I'm developing a website that allows users to explore a massive discography. All the data is currently stored in a JSON file, which I'm converting to JSON-LD in order to make it semantic and crawlable by search engines.
Schema.org has a standard type for Music Albums, which doesn't have properties for some of the data I store (and present to users) for each album. These properties are marked as errors by Google's structured data validator. My question is: does Google just ignore the custom properties or will it penalize the site for using unsupported properties?
You can use multiple vocabularies in JSON-LD (e.g., with compact IRIs in the
@context
).If the vocabulary Schema.org has no suitable properties/types, there most likely already exists a (probably domain-specific) vocabulary that does have them. See this answer about how to find vocabularies.

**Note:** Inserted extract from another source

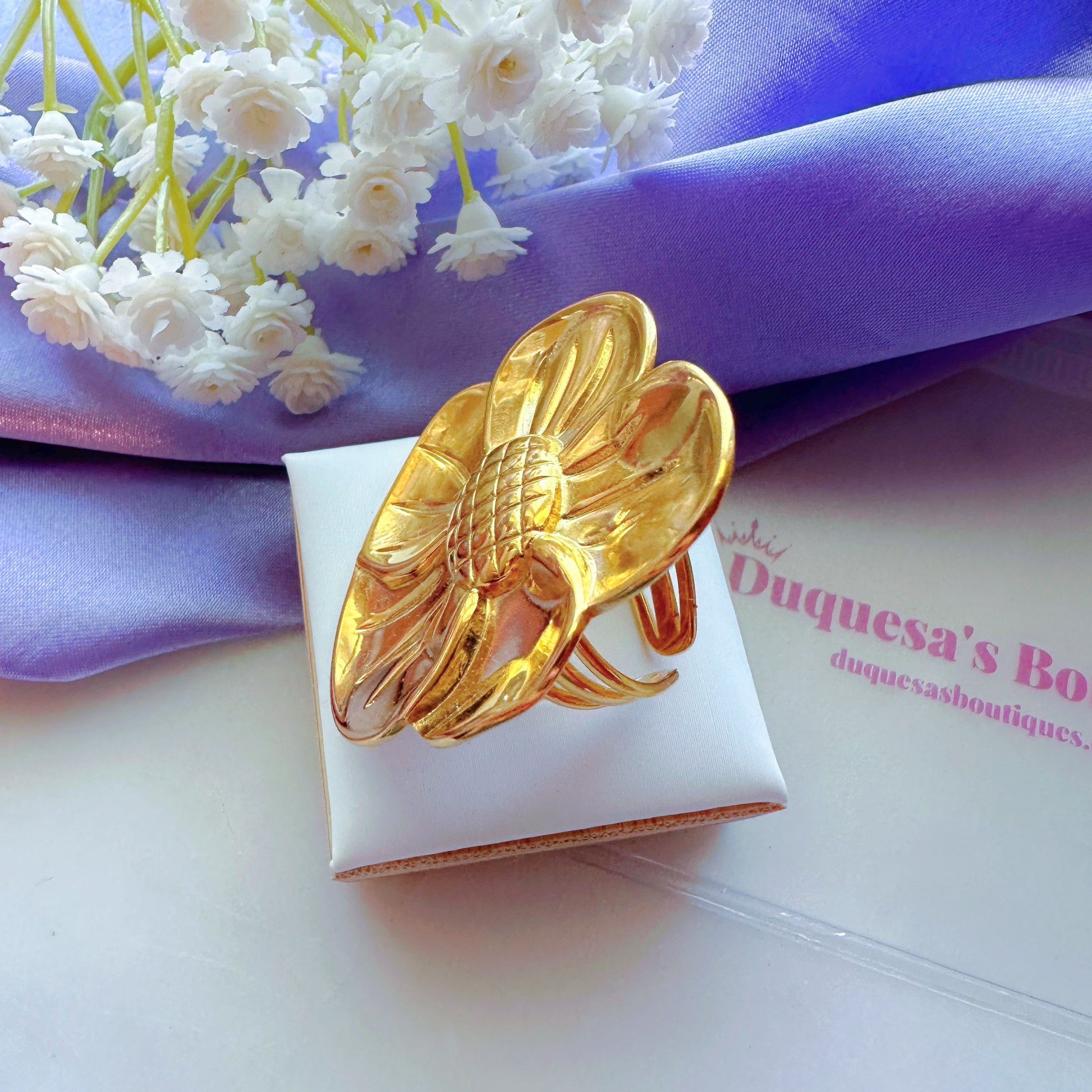 This ring is made from stainless steel and 18k gold plated with adjustable opening for a universal fit.

If you can’t reuse existing vocabularies, you can create your own. See this answer about how to create your own RDF vocabulary.
What you should of course not do is "inventing" terms in the Schema.org namespace. If it’s not defined by Schema.org, no one knows what it should mean; and the same term could be defined in the future with a different meaning than you expected.
If you only provide the structured data for SEO reasons, note that the search engines Google/Bing/Yahoo/Yandex only support the vocabulary Schema.org (they are its sponsors), so using other or your own vocabularies is currently not relevant for SEO; but it’s of course a good idea for all the other benefits structured data can provide.